(DATA FOR ANALYSIS)
# # # #

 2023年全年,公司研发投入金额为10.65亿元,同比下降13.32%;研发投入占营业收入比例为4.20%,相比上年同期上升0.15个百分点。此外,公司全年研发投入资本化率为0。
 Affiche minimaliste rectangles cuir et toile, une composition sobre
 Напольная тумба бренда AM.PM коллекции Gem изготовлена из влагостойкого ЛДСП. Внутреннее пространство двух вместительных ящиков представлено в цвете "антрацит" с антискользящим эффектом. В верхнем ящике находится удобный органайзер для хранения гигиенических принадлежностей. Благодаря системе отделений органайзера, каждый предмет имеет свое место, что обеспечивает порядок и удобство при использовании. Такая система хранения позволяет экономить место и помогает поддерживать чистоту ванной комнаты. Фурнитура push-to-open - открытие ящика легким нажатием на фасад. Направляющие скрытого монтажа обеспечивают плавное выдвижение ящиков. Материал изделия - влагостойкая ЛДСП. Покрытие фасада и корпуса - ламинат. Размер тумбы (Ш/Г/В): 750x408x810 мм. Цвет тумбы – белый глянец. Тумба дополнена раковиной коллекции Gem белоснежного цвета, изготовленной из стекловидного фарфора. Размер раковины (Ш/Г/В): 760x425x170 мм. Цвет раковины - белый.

# # # #

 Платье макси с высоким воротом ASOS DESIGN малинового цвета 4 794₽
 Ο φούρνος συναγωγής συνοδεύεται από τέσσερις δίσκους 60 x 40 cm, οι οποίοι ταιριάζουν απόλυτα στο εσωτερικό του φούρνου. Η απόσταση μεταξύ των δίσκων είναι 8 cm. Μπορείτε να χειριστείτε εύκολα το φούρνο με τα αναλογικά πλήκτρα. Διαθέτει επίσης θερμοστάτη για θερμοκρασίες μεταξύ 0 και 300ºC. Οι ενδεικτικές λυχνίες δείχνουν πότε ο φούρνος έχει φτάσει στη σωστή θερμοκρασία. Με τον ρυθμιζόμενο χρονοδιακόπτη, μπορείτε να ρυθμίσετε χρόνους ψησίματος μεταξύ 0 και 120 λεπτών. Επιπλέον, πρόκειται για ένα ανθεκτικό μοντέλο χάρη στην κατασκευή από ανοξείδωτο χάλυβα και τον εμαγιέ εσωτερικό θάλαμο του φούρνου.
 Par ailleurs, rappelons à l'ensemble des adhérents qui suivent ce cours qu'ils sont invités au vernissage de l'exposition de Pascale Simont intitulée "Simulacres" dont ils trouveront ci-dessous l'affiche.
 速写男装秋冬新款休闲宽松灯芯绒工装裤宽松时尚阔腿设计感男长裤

# # # #

(ABOUT THIS TASK)
Could you retype exactly the lines above, starting at the line that contains "Платье макси с" and ending at the line that contains "Ο φούρνος συναγωγής", and nothing more?

(COMPLETED EXERCISE)
 Платье макси с высоким воротом ASOS DESIGN малинового цвета 4 794₽
 Ο φούρνος συναγωγής συνοδεύεται από τέσσερις δίσκους 60 x 40 cm, οι οποίοι ταιριάζουν απόλυτα στο εσωτερικό του φούρνου. Η απόσταση μεταξύ των δίσκων είναι 8 cm. Μπορείτε να χειριστείτε εύκολα το φούρνο με τα αναλογικά πλήκτρα. Διαθέτει επίσης θερμοστάτη για θερμοκρασίες μεταξύ 0 και 300ºC. Οι ενδεικτικές λυχνίες δείχνουν πότε ο φούρνος έχει φτάσει στη σωστή θερμοκρασία. Με τον ρυθμιζόμενο χρονοδιακόπτη, μπορείτε να ρυθμίσετε χρόνους ψησίματος μεταξύ 0 και 120 λεπτών. Επιπλέον, πρόκειται για ένα ανθεκτικό μοντέλο χάρη στην κατασκευή από ανοξείδωτο χάλυβα και τον εμαγιέ εσωτερικό θάλαμο του φούρνου.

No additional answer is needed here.